Ethin wrote:
And I suspect that the only reason Intel hasn't made the IDT support 2^32 interrupts is because it would break existing OSes. Even if doing so would be a very, very good idea, IMO, and would support the (probably impossible) case of 16777216 devices in PCIe, and would support practically every kind of computer setup for centuries to come, if not longer.
You know, I'd like the exact opposite of that: Could we please take a page from PowerPC and get a way to receive all external interrupts at a single place, then maybe push an identifier to the stack? Because right now, I already have two-hundred twenty-four interrupt handler routines that are all doing basically that in software. This also can't be a big problem in the CPU as it already knows which interrupt is being invoked, and it already has a way to push things on stack. (It also can't be a big problem to make the new feature switchable with a bit in, say, EFER. Or make a new MSR if you must.)
Or to make it short, I want the interrupt number as data, not as a code address.

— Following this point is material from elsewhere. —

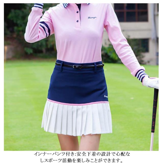 送料無料 ゴルフスカート レディース プリーツスカート テニス ミニ ゴルフウエア インナーパンツ付き サマーウエア 運動着 アウトドア 可愛い golf ネイビー ベルトなし

For those curious, on PowerPC, all exceptional conditions end up at a certain address defined in the architecture, and "external interrupt" is one such condition. All external interrupts go to address 0x700 (physical). To find out which device interrupted you, you have to ask the PIC, thus making the interrupt number available as data. The architecture only supports this one interrupt level, and a given machine could have any PIC implementation desired, supporting however many interrupts you want.
Now that's a beautiful idea. I imagine it would minimize code by quite a bit. My Rust kernel has all interrupts -- all 256 of them -- defined because I wasn't sure how to dynamically tweak the IDT back when I did that, and if x86 did this I could just do a single handler that dispatches to other functions depending on what the interrupt really is.